Roozbeh Pournader wrote:
On Tue, 2005-09-13 at 14:58 +0200, Gudmund Areskoug wrote:

How about a tiny map, indicating the region where that language is traditionally spoken, with the language name in its own script(s)?

Region maps are also controversial, specially when the language has no nation behind it. Kurdish is most famous example. You can't draw a non- controversial map of Greater Kurdistan with going head to head with Arabs, Turks, Azerbaijanis, and Persians.

I know, that's why I indicated "region", not "country". No matter what one thinks of e. g. Greater Kurdistan, it's hard to dispute there's currently a substantial group of people living and speaking Kurdish in a given geographic location.


As I said in my reply to Tor, perhaps make "is traditionally spoken" "is still traditionally spoken" or "is currently regularly spoken", or even "is currently expected to be spoken".

If we mix history into it, we'll have a true quagmire...

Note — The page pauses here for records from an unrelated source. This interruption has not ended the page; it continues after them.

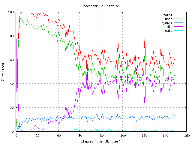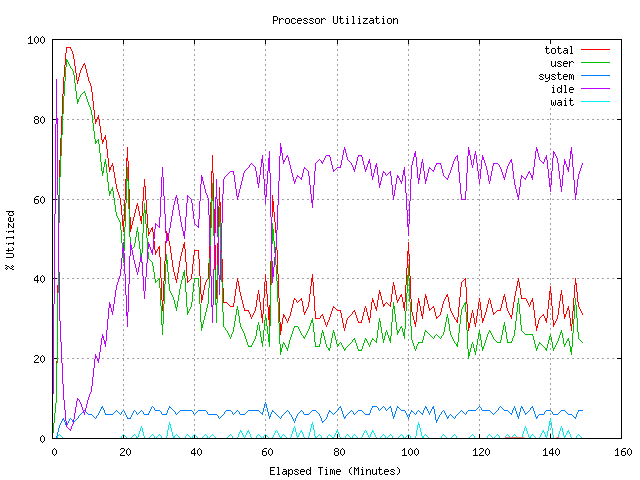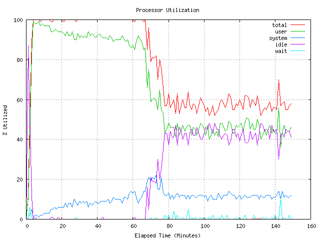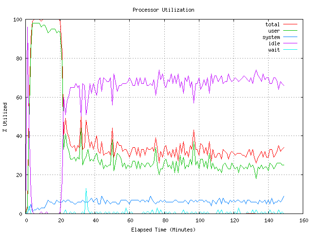 对于性能测试环境,重启之后的进行第一次并发测试,前期负载同样会很高,如下图: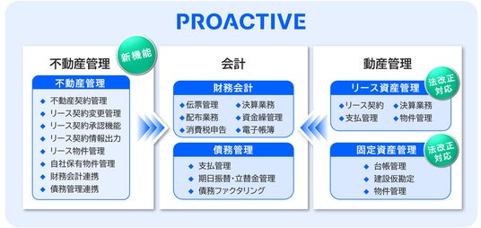 SCSK株式会社(本社:東京都江東区、代表取締役 執行役員 社長:當麻 隆昭、以下 SCSK)が提供する、AIネイティブな次世代 ERP「PROACTIVE(プロアクティブ)」は、2027年4月以降の事業年度より適用されるリースに関する会計基準(以下 新リース会計基準)に向けて、不動産賃貸借に特化した「不動産管理システム」をリリースしました。これに加え、「リース資産管理」機能を法改正に対応させることで、不動産賃貸借契約および動産リース契約の管理から会計処理までを「PROACTIVE」上でシームレスにつなぎ、新リース会計基準への対応を迅速かつ効率的に行います。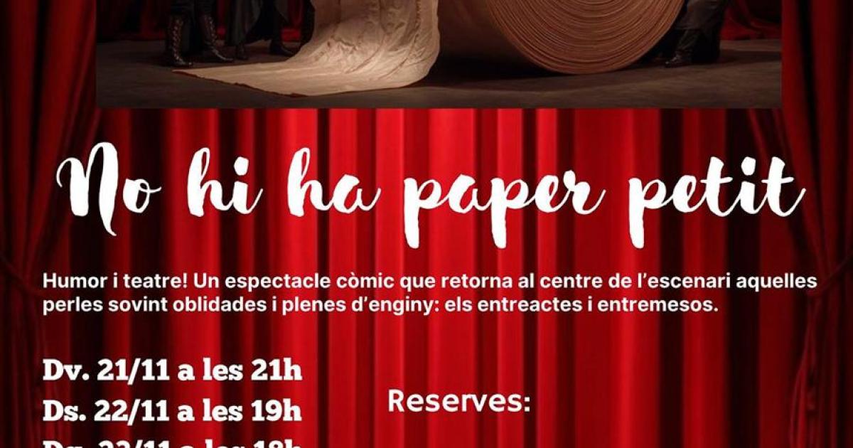 No hi ha paper petit és un espectacle còmic que busca entretenir tot reivindicant el valor de les peces relegades a un segon pla: els entreactes o entremesos. Durada aproximada 1h 15minuts.

You can't simply add all the countries that have native speakers either.
Country maps are also very controversial (Taiwan, Nagorno-Karabakh,
Kashmir, Transnistria, South Ossetia, etc. come to mind).

(BTW, the number of speakers is also a very controversial issue, but
that is in GNOME release notes anyway. Not that I have not objected a
few times.)

IMHO, managing to communicate might perhaps be more important than managing not to step on *anybody*'s toes.

Well, we should see how important those anybodys are. If we don't want to alienate them, we shouldn't.

Perhaps the "anybodys" should be challenged to come up with a better idea for communicating a language denotation graphically?


Perhaps sensitive groups could have a "hide offense" feature coupled to their own locale setting? ;)

Or make linking an icon - any icon the actual user wants - optional?